Phase 1 and 2 clinical trials have shown that carbofazide, lenalidomide combined with weekly dexamethasone treatment, is effective for recurrent MM and its side effects are consistent with the side effects of various drugs.

Professor Stewart conducted a randomized, noninvasive, multicenter Phase 3 clinical trial for comparing patients with recurrent MM, Carfilzomib, lenalidomide combined with dexamethasone and lenalidomide in combination with dexamethasone Program safety and efficacy of differences, interim analysis results published in the latest issue of the "New England Journal of Medicine" on.

A total of 792 patients with recurrent MM were enrolled in this study. All patients had blood and liver and kidney function levels (creatinine clearance> 50 ml / min). Patients with grade III and above heart failure, or those with grade 3 and above or more than two weeks of peripheral neuropathy (or grade 2 pain) were excluded.

The overall survival rate was 73.3% vs 65.0% in the Carfilzomib group and the control group, respectively, and the total response rate (partial response or improvement) in the Carfilzomib group was 87.1% %, 66.7%.

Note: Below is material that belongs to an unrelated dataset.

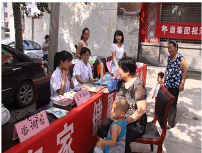
以家庭主妇为切入点，就家庭成员的健康问题提供咨询服务。

JICA和国家人口计生委开展中日技术合作项目的历史可追溯到距今30年前的1982年。在“家庭计划政策”因“独生子女政策”而为人所知的初期，中国政府通过项目实施，在全国1000多个县建立起了宣传教育网络，向总计约6亿民众传达了计划生育的重要性。随后，JICA顺应国家人口计生委的发展需求，与其合作开展了扶贫对策、农村保健、生殖健康领域的相关项目，为加强中国计划生育部门行政体制的建设和人才培养做出了贡献。目前正在实施的项目响应中国政府在人口政策中提出的“从量向质转变”的号召，贯彻“家庭保健”这一主题思想，参考日本在“地区保健”方面的经验，以可称之为“家庭健康守护神”的主妇为切入点，为儿童和老人等家庭成员提供有助于增强其健康的服务。

The incidence of adverse events in the Carfilzomib group and the control group was 83.7% and 80.7%, respectively, and 15.3% and 17.7% of the patients in the two groups were discontinued due to adverse events. The Carfilzomib group had higher health Related quality of life.

Thus, the use of Carfilzomib in combination with lenalidomide and dexamethasone in patients with recurrent MM can significantly improve progression-free survival and have a better risk / benefit ratio.

At present, there are studies to explore the optimal dose and treatment of Carfilzomib, I believe that with the further study, Carfilzomib can be better and more convenient for MM patients.